The Ocean Wise Shoreline Cleanup (formerly Great Canadian Shoreline Cleanup) is one of the organization's major direct action efforts, mobilizing volunteers to remove litter from shorelines and collect data on pollution sources. Started by Vancouver Aquarium staff in 1994, it has grown into a national program engaging thousands of volunteers across Canada and beyond, and in partnership with Tru Earth Ocean Wise expanded the initiative into the United States through the Great American Shoreline Cleanup to engage communities in California and Texas in tackling shoreline plastic pollution.

The organization runs educational and leadership programs aimed at youth and communities to increase ocean literacy and empower conservation action. Examples include youth leadership initiatives and immersive learning experiences, both in‑person and online.

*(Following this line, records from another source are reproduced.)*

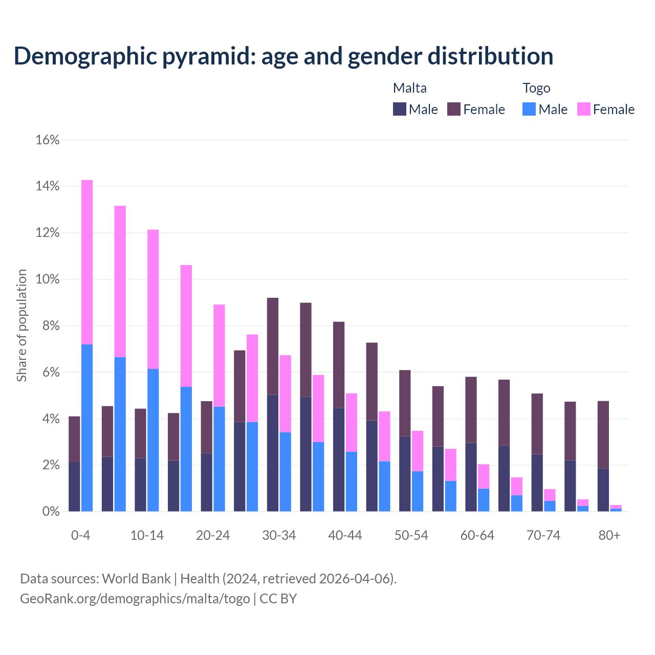 Demographics of Malta compared to Togo:
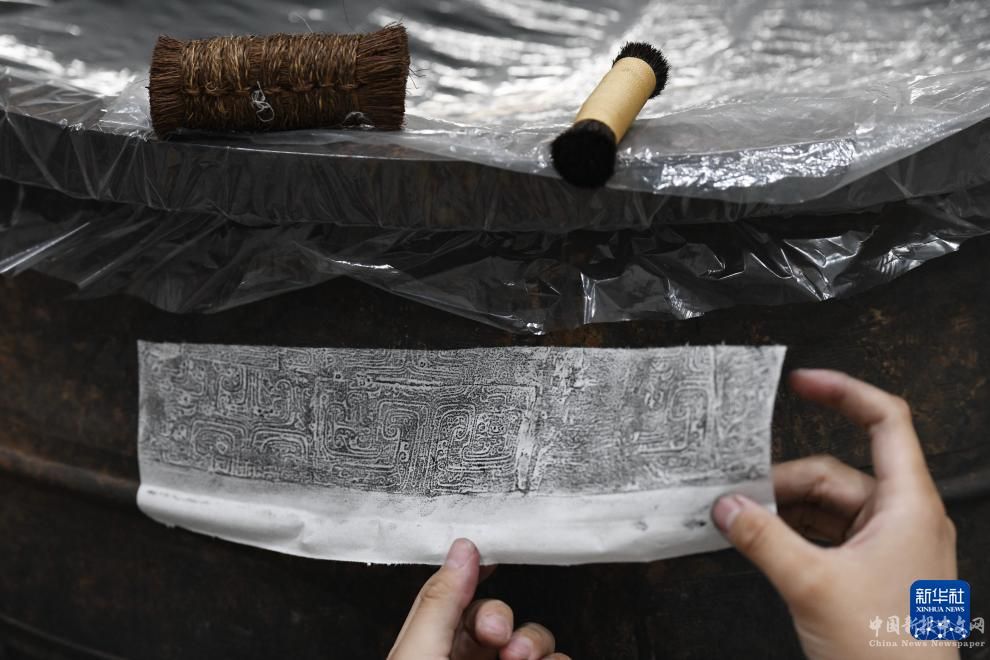5月20日,考古人員在武王墩墓考古發(fā)掘現(xiàn)場(chǎng)清理出土文物。
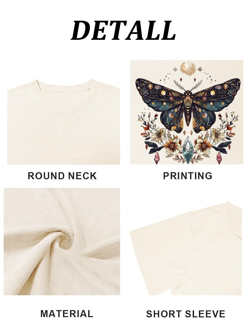 Disclosure10 reviews for Women Vintage Moth T Shirts Mystical Moon Cottagecore Shirts Funny Witchy Graphic Tees Short Sleeve Tops
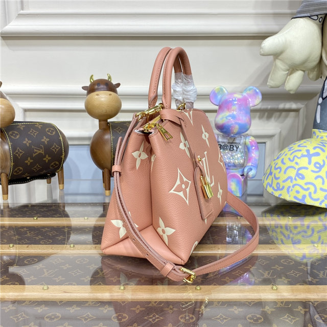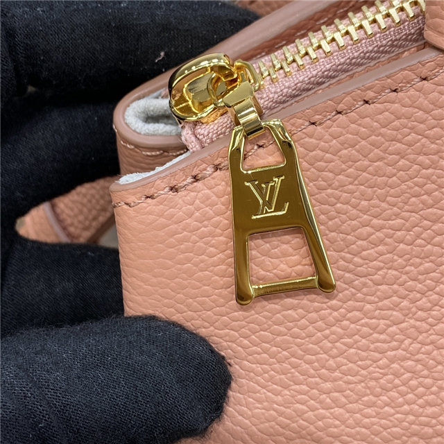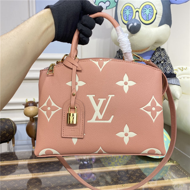 Smart and sophisticated, the Petit Palais handbag is crafted from Monogram Empreinte embossed leather, edited for Winter 2022, in a fresh, delicate bicolor combination. The supple leather is accented with golden hardware, including a chic padlock – a nod to the Maison’s legacy of fine luggage. The detachable strap can be adjusted for shoulder or cross-body wear.
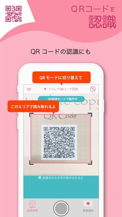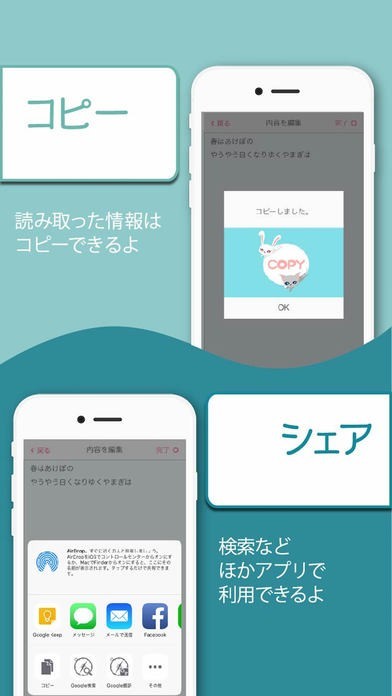 うつしてコピーは、カメラレンズを読み取りたい文字にまっすぐ向けるだけで、素早くテキストデータ化してくれるアプリです。対象の書類などを画面の認識用エリアに収めてタップでピントを合わせれば、読み取った文字がすぐ下のテキストエリアに表示されるので、正しく認識されていることを確認したら、シャッターを切るように確定ボタンを押してください。後は目的に合わせて、テキストを編集したり、クリップボードにコピーしたり、他のアプリで共有・検索・保存したりしていろいろ利用できます。便利なのは、文字だけでなくQRコードの読み取りもできたり、書類だけでなく写真や液晶画面からも読み取りができることです。
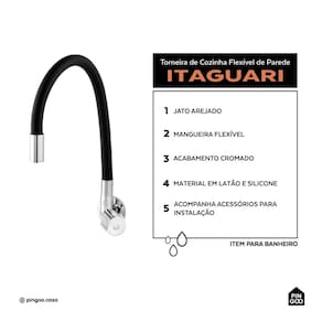 Conteúdo da embalagem: 1 Torneira de cozinha flexivel parede Itaguari
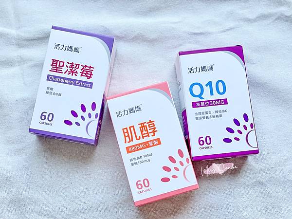 目前選擇補充蜜月超值組的是這三種:肌醇*2、聖潔莓*2跟Q10*1盒
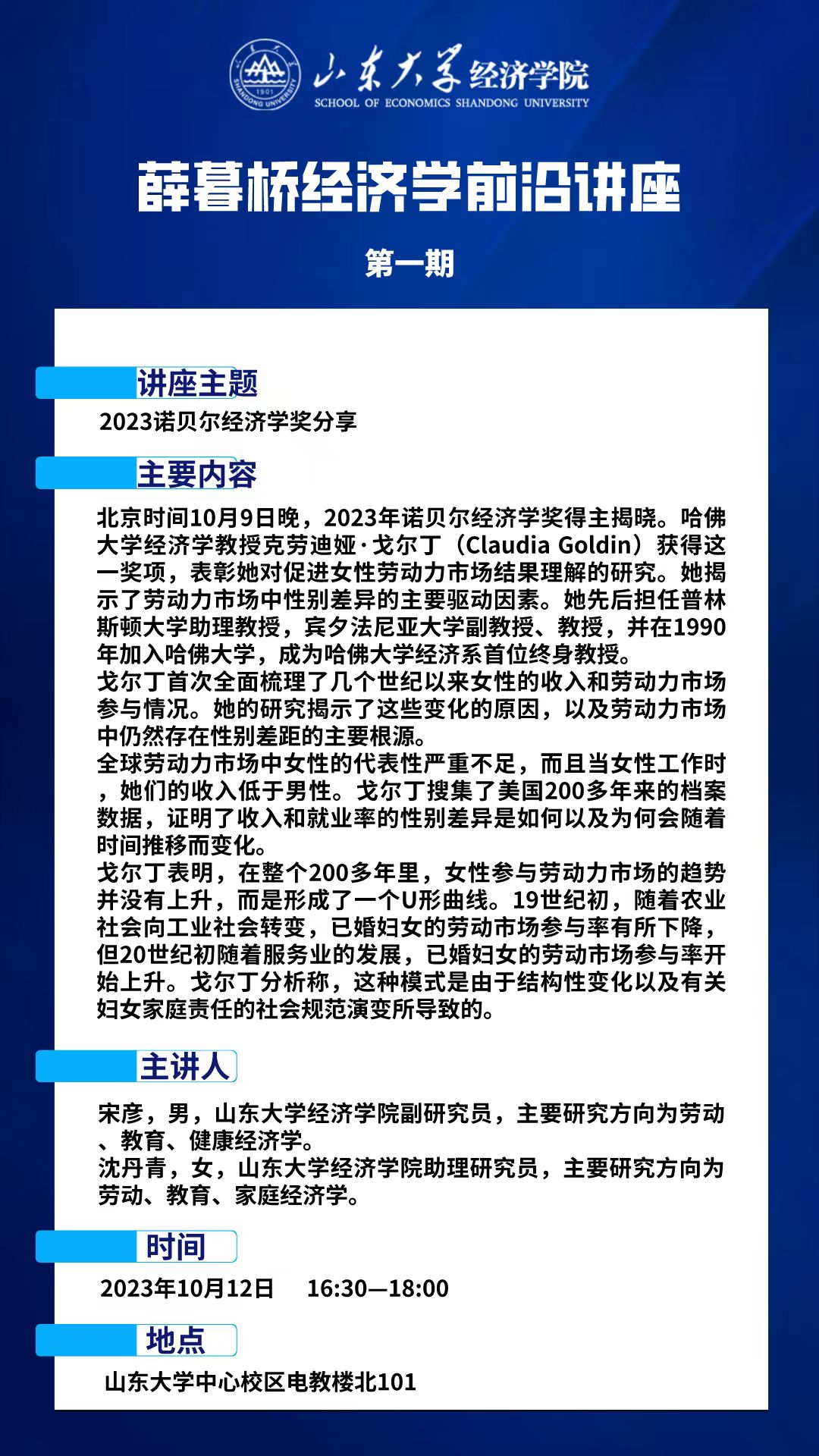 2023诺贝尔经济学奖分享(薛暮桥经济学前沿讲座 第一期)
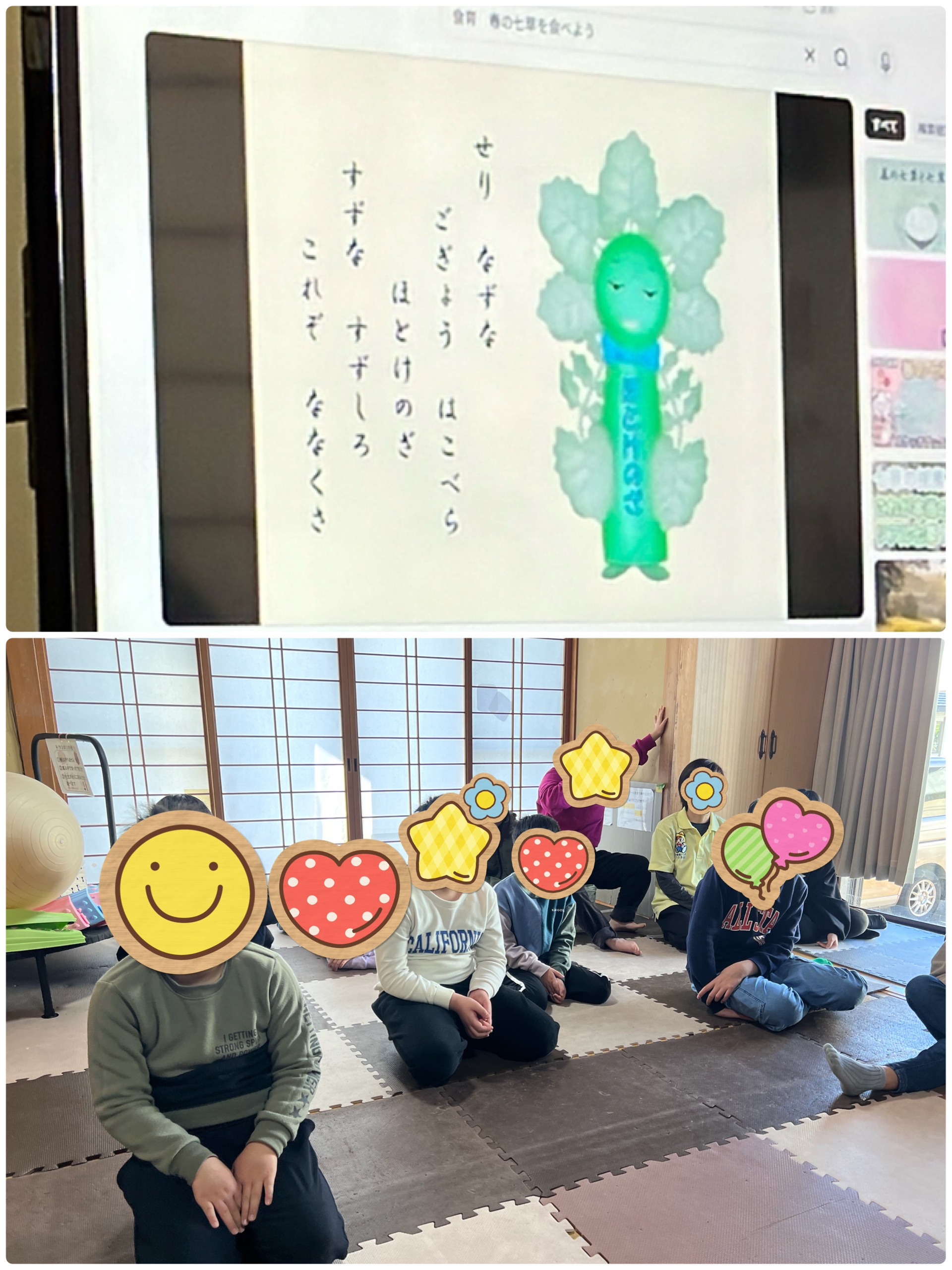 まずは、七草についてのお勉強🧐どんな物があるのか、動画を観ながら知っていきました。

Ocean Wise also conducts and supports additional marine‑focused initiatives, including seaforestation, an effort to restore and cultivate underwater kelp forests to benefit biodiversity and ocean health, the Ocean Wise Plastics Lab, a research facility that studies microplastic pollution and develops science‑based approaches to reduce plastic inputs to the ocean, and the Whale Report Alert System (WRAS), a real‑time tool that provides commercial mariners with whale location information to help reduce the risk of vessel strikes on cetaceans.

== Partnerships and recognition ==
Ocean Wise collaborates with government agencies, academic institutions, businesses, and other nonprofit organizations on conservation research and public engagement efforts.

In 2023, the Government of Canada partnered with Ocean Wise to elevate the role of young professionals in international marine protected area discussions at IMPAC5.

Ocean Wise maintains the Ocean Wise Seafood program, which partners with restaurants, markets, and suppliers to promote sustainable seafood choices. The program provides criteria for assessing seafood products to support environmentally responsible fishing and aquaculture practices. Key commercial partners have included major Canadian retailers such as Sobeys and Safeway, as well as seafood suppliers like True North Seafood (part of the Cooke Inc. group), which carry or recommend Ocean Wise‑approved products. The program was co‑founded by Vancouver chef Robert Clark, who was appointed to the Order of Canada in recognition of his role in establishing and advancing sustainable seafood awareness through the program.

DP World has partnered with Ocean Wise to expand the WRAS, providing financial and technical resources to enhance real‑time whale detection and reduce vessel strikes, contributing to the protection of marine ecosystems.

Tru Earth is a founding sponsor of the American Shoreline Cleanup program in partnership with Ocean Wise, supporting volunteer engagement in beach cleanups and other conservation initiatives to protect and restore marine ecosystems.